The Haunting Of Bly Manor (2020)

It would have been great if Mike Flanagan came back for the follow-up to The Haunting Of Hill House, investing in the idea of an anthology telling long-form stories about haunted places every couple of years. But the deal went sideways, and he handed the project almost entirely over to other directors. The result is seriously underwhelming. Stretched out over too many episodes, not as thematically focused, and eventually over-explained. Do this instead: Watch episode 8 by itself, which tells the story of the central ghost with a massive out-of-context flashback. Then ditch all the other episodes. You could follow that up with the 1961 film "The Innocents" for a double dose of creepy, and cover all the plot points of Bly Manor at the same time. And you'd have six hours to spare!

Another Life (2019) and The 'Mars' National Geographic Series (2016)

Some science fiction shows create dramatic stakes by having highly professional people do outrageously stupid things. Like, here's three people, specially selected for a mission to save the entire damn planet, and they all know how important it is to communicate clearly and be on the same page and cooperate. But then, the first one has sex with the other two, and the other two get jealous, so one of them decides to withhold vital information that causes the third to be horribly injured and the whole mission is suddenly in jeopardy and everyone has to scramble.

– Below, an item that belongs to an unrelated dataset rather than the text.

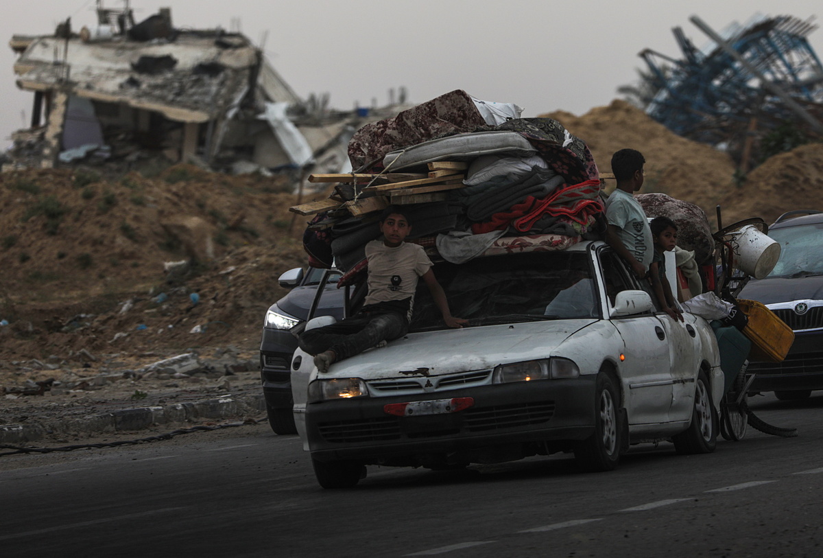 epa11332155 Internally displaced Palestinians leave with their belongings following an evacuation order issued by the Israeli army, in Rafah, southern Gaza Strip, 10 May 2024. The Israeli military stated on 07 May that it conducted 'targeted strikes' against Hamas targets in eastern Rafah in the southern Gaza Strip. More than 34,900 Palestinians and over 1,455 Israelis have been killed, according to the Palestinian Health Ministry and the IDF, since Hamas militants launched an attack against Israel from the Gaza Strip on 07 October 2023, and the Israeli operations in Gaza and the West Bank which followed it. EPA/MOHAMMED SABER
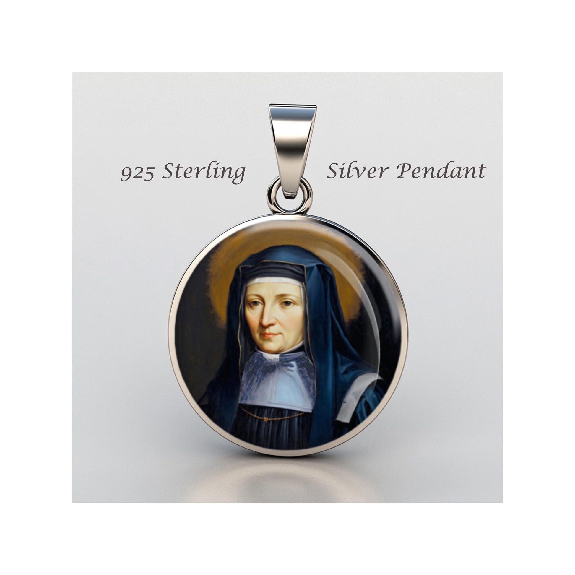 Dedicated to Saint Louise De Marillac, this 20mm sterling silver pendant features a delicate design under a clear glass dome, crafted with high-quality paper. The pendant comes in a beautiful jewelry box, ready for gifting—perfect for birthdays, anniversaries, Christmas, Easter, Baptism, First Communion, Confirmation, Mother's Day, or as a thoughtful gift for a loved one.

That's not a direct example from Another Life or this Mars series, but it's the kind of thing that happens over and over in both, and it's exasperating. I can't be all 'Wow, we're on Mars, look at this cool landscape and nifty survival gear' because the main characters are too busy double-crossing each other, keeping secrets, ignoring really obvious safety protocols, and so-on. At least the Mars drama is intercut with real scientists talking earnestly about contemporary issues. The Another Life show throws modern science in the ditch. I can't recommend either.

Date: 2022-11-23 06:17 pm (UTC)
ira_k: (Default)
From: [personal profile] ira_k
Disagree on The Falcon and The Winter Soldier. It is not about a Black man deciding whether to to assume the role of Captain America. It is a bout being a superhero in your own right vs. trying to meet expectations of those who do not see you in a role associated with someone else.

This journey was very nicely developed both the story and the emotional arc.

The main plot line (refugees and super vigilantes) I did not care for that much.